ARMYWEB:

 A web resource for the Armyworm Biological Control (ABC) Consortium 

What is ARMYWEB?

ARMYWEB is a web-based resource for the Armyworm Biological Control (ABC) Consortium, a group of researchers and other stakeholders interested in the genetics, ecology and evolution of the African armyworm moth (Spodoptera exempta, Lepidoptera: Noctuidae) and its baculovirus (SpexNPV), and the application of this virus for armyworm biological control.

Members of the Consortium have worked together on a number of related projects since 1996, funded by the Natural Environment Research Council (NERC), the Department for International Development (DFID), US-AID, and other funding bodies.
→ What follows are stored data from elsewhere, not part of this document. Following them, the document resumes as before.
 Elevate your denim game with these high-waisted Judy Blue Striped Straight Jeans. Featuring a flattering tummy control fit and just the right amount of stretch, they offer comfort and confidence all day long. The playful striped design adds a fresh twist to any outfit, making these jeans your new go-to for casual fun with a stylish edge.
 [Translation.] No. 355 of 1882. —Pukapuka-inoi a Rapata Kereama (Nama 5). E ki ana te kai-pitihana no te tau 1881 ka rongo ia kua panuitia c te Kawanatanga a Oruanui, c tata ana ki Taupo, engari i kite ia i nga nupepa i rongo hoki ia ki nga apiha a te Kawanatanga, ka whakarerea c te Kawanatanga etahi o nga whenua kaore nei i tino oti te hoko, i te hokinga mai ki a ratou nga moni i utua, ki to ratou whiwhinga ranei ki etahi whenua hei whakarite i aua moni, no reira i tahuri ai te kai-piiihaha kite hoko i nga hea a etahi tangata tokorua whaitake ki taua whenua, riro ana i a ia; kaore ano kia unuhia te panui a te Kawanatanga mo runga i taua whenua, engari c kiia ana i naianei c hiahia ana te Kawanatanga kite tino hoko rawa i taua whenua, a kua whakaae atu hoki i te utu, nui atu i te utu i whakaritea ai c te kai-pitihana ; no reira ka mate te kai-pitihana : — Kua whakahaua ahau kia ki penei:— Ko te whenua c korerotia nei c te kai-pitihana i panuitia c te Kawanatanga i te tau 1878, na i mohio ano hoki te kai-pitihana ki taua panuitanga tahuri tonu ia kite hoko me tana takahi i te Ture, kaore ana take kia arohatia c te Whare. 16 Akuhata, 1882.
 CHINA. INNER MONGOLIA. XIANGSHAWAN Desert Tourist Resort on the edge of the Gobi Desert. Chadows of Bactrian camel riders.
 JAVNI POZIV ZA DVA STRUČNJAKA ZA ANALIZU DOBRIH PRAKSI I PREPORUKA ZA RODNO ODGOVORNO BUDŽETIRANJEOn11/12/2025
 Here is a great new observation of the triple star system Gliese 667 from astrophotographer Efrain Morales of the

The most recent project funding comes from the ‘SARID scheme (Sustainable Agriculture for International Development), and is jointly funded by the UK’s BBSRC and DFID.

What is the African armyworm?

The African armyworm moth, Spodoptera exempta is one of the most devastating crop pests in eastern Africa. It is the caterpillar or larval stage that causes such havoc, voraciously feeding on maize, wheat, sorghum, millet, rice and pasture grasses. 
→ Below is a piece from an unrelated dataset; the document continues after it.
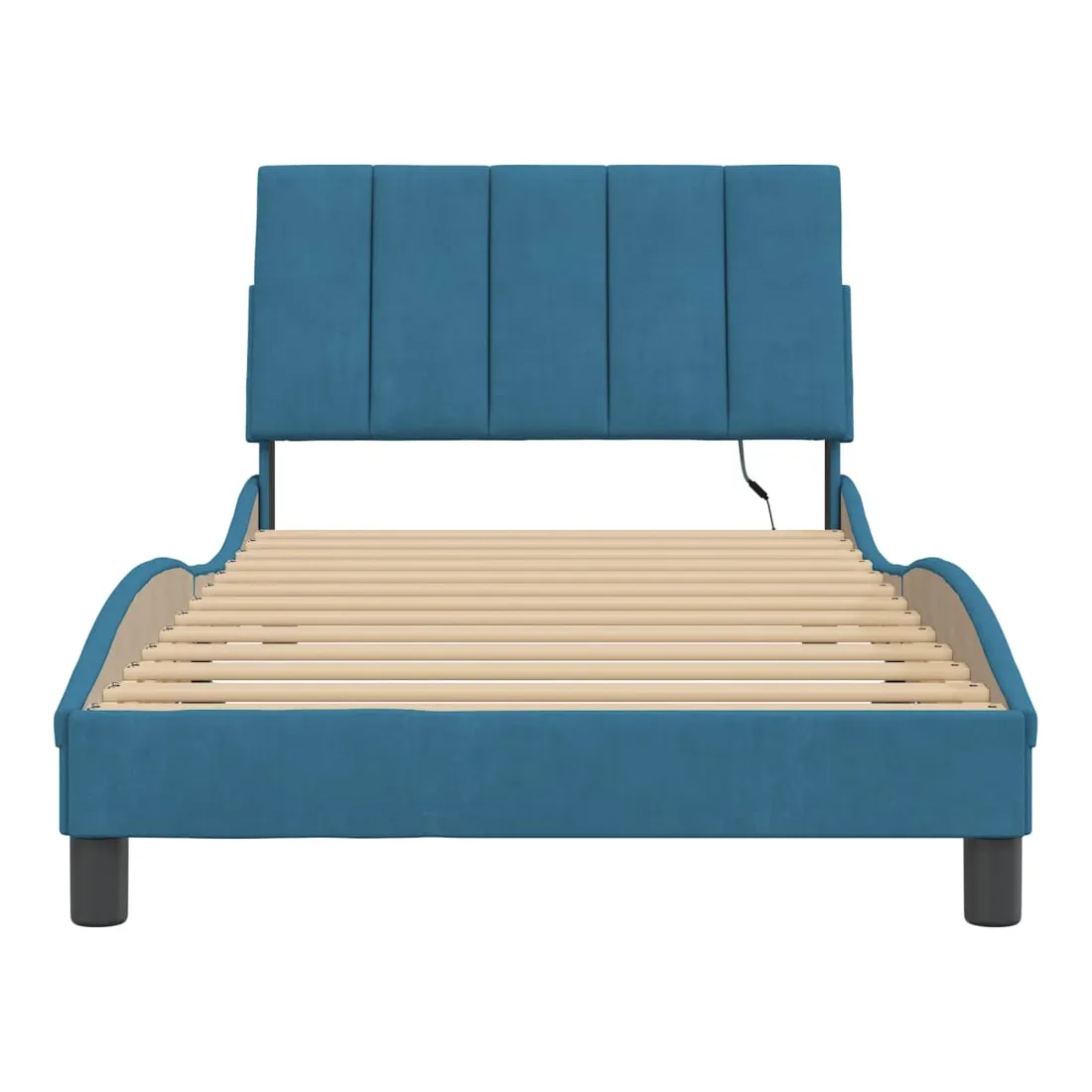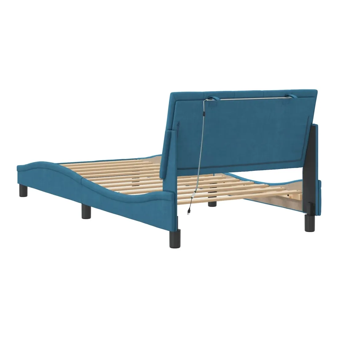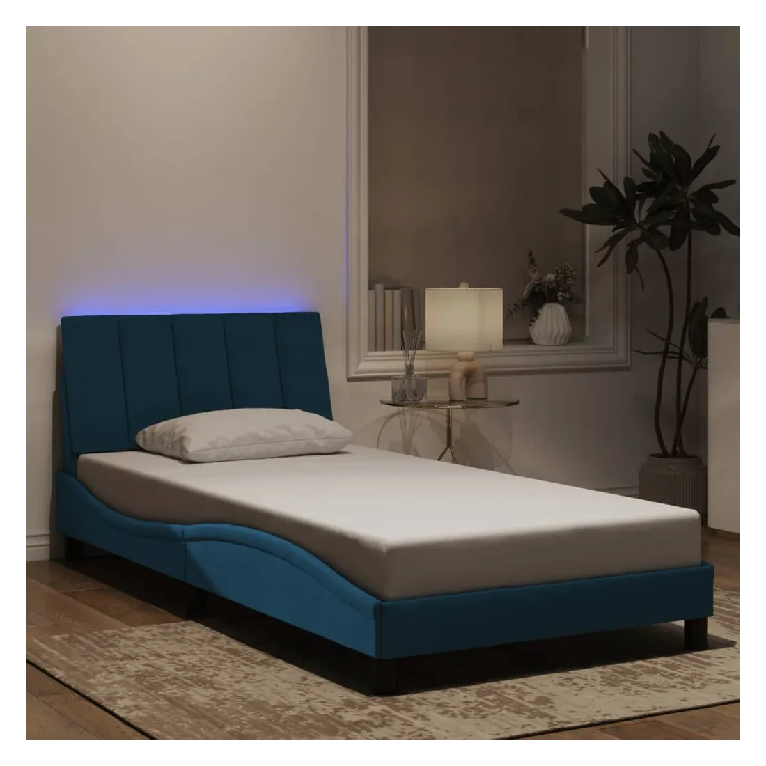 Obtenez une meilleure nuit de sommeil reposante grâce à ce cadre de lit avec lumières LED ! Il est un supplément accueillant à toute chambre à coucher. Velours doux : le velours est un tissu doux et confortable, agréable au toucher.Lattes de contreplaqué : les lattes de contreplaqué assurent une bonne répartition du poids, garantissant que le matelas reste en place à chaque torsion de votre corps pendant le sommeil.Excellent soutien : la tête de lit vous offre un excellent soutien du dos lorsque vous êtes assis dans votre lit pour lire ou regarder la télévision.Bande LED colorée : apportez de la gaieté dans l'obscurité avec des lumières LED colorées ! Les bandes auto-agrippantes situées à l'arrière du coussin de la tête de lit peuvent être utilisées pour fixer les lumières LED.Design latéral ondulé : l’aspect ondulé du cadre de lit est élégant et sophistiqué, ajoutant une touche moderne et élégante à votre décor, ce qui en fait le point central de votre chambre à coucher. Bon à savoir :Un matelas n'est pas inclus avec ce lit. Nous offrons une sélection variée de matelas. Vous pouvez consulter notre boutique pour trouver un matelas assorti.Ce produit est doté d'un connecteur USB qui nécessite une source d'alimentation USB de 5V certifiée (non incluse).

Armyworm have been reported throughout sub-Saharan Africa, however the vast majority of outbreaks occur in the eastern half of the continent, and especially in Tanzania, Kenya and neighbouring countries.

In East Africa, armyworm outbreaks are considered a serious problem in nine out of ten years (Mushobozi et al. 2005), and in major outbreak years armyworm can affect millions of hectares, causing massive losses to staple grain crops, as well as more widespread damage to pasture and livestock production (Rose et al. 2000).
armyworm

Like the infamous desert locust, the African armyworm has such a major impact because it is so highly migratory and the location, timing and magnitude of its outbreaks are difficult to predict.
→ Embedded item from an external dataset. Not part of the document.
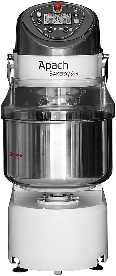 Спиральный тестомес Apach Bakery Line V-R 160 используется на предприятиях общественного питания, торговли и пищевых производствах для замеса различных видов теста: пшеничного, ржано-пшеничного, ржаного и теста для кондитерских изделий. Модель оборудована двойной трансмиссией. Материал дежи, спирали и центрального отсекателя - нержавеющая сталь.
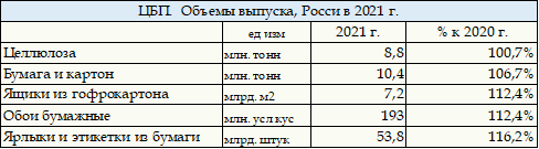 Отечественное производство фанеры восстанавливается после снижения показателей в предыдущем году. По итогам 2021 г. производство фанеры выросло на 6,8% относительно уровня 2020 г. В целом по России за 2021 г. было выпущено 4,5 млн. м3 фанеры. Напомним, что вплоть до 2017 г. производство фанеры росло умеренными темпами, ежегодно прибавляя в среднем по три процента. В 2018 г. объемы выросли почти на 7%, в 2019 г. производство фанеры увеличилось на полтора процента, в 2020 г. объёмы выпуска фанеры в целом по стране упали на 3,2%. Значительный рост в отчетном году зафиксирован на рынке древесно-волокнистых плит (ДВП; «Плиты древесноволокнистые из древесины или других одревесневших материалов», основу выпуска в данном секторе составляют плиты МДФ). За 2021 г. объемы выпуска ДВП выросли на 14,1%, составив 740 млн. усл. м2. Важно отметить, что в 2020 г. производство плит ДВП упало на 7,1%. Напомним, что в 2018 г. рост выпуска ДВП составил 8,6%, в 2019 г. производство выросло на 5%. В 2016 г. и в 2017 г. было зафиксировано увеличение выпуска ДВП почти на 10% и на 6% соответственно. Высокие темпы роста в 2021 г. демонстрирует производство древесно-стружечных плит (ДСП; «Плиты древесностружечные и аналогичные плиты из древесины или других одревесневших материалов»). В 2021 г. показатели по выпуску плит ДСП увеличились на 14,8%, составив в целом по стране 11 млн. усл. м3. Напомним, что по итогам 2020 г. был зафиксирован спад выпуска плит ДСП на уровне полутора процентов, в 2019 г. показатели увеличились на 2%, в 2018 г. производство плит ДСП выросло на 17%. Производство деревянных окон в 2021 г. понемногу восстанавливается. В 2021 г. рост выпуска по товарной группе «Окна и их коробки деревянные» составил 4,2% до уровня 475 тыс. м2. Напомним, что в 2020 г. производство деревянных окон упало почти на 15%, в 2019 г. спад составил 21%. В 2021 г. продолжают расти показатели по объемам выпуска дверей, изготовленных из древесины. За отчетный год производство деревянных дверей выросло на 17,9% до уровня 19,6 млн. м2. Показатели по объемам выпуска деревянных дверей начали расти в 2019 г., рост превысил 8%, в 2020 г. производство увеличилось еще на 1,7%. Целлюлозно-бумажная отрасль России в 2021 г. демонстрирует умеренный рост. Индекс по сектору лесной отрасли «Производство бумаги и бумажных изделий» в 2021 г. составил 109,2%, в 2020 г. индекс - 101,9%, в 2019 г. - 103,6%, в 2018 г. - 112,6%. По производству древесной целлюлозы в 2021 г. зафиксирован рост на уровне 0,7%, по выпуску бумаги и картона показатели увеличились на 6,7%. Продолжает расти производство гофрокартона и продукции из него, что продиктовано растущими потребностями розничной и оптовой торговли. Объемы выпуска тары из гофрокартона в отчетном году выросли более чем на 12%. Высокий рост зафиксирован по сектору по выпуску обоев, +16,2%. Таблица. Итоги выпуска основной продукции ЦБП в 2021 г.

During the long dry season (c. May to September), armyworms occur at very low densities in coastal regions, and other areas where green vegetation is available all year round.

The first outbreaks of the season occur when moths from these low-density populations are concentrated by the convective winds associated with the first rainstorm of the short rains in October-December. These first outbreaks generally occur in identified primary (10) outbreak areas in Tanzania and Kenya. They then spread sequentially across the continent at roughly monthly intervals over a period of 5-8 months, as successive generations of adult moths migrate on the prevailing winds and initiate new high-density larval outbreak cycles (Figure 1).

The most reliable predictor of the annual magnitude of armyworm outbreaks in East Africa is the amount of early-season rainfall: When the rains in November-December are heavy and frequent, relatively few armyworm outbreaks occur throughout the region, whereas when the early-season rains are poor, outbreaks are much more common and widespread (Harvey & Mallya 1995). The exact cause of this relationship has yet to be established.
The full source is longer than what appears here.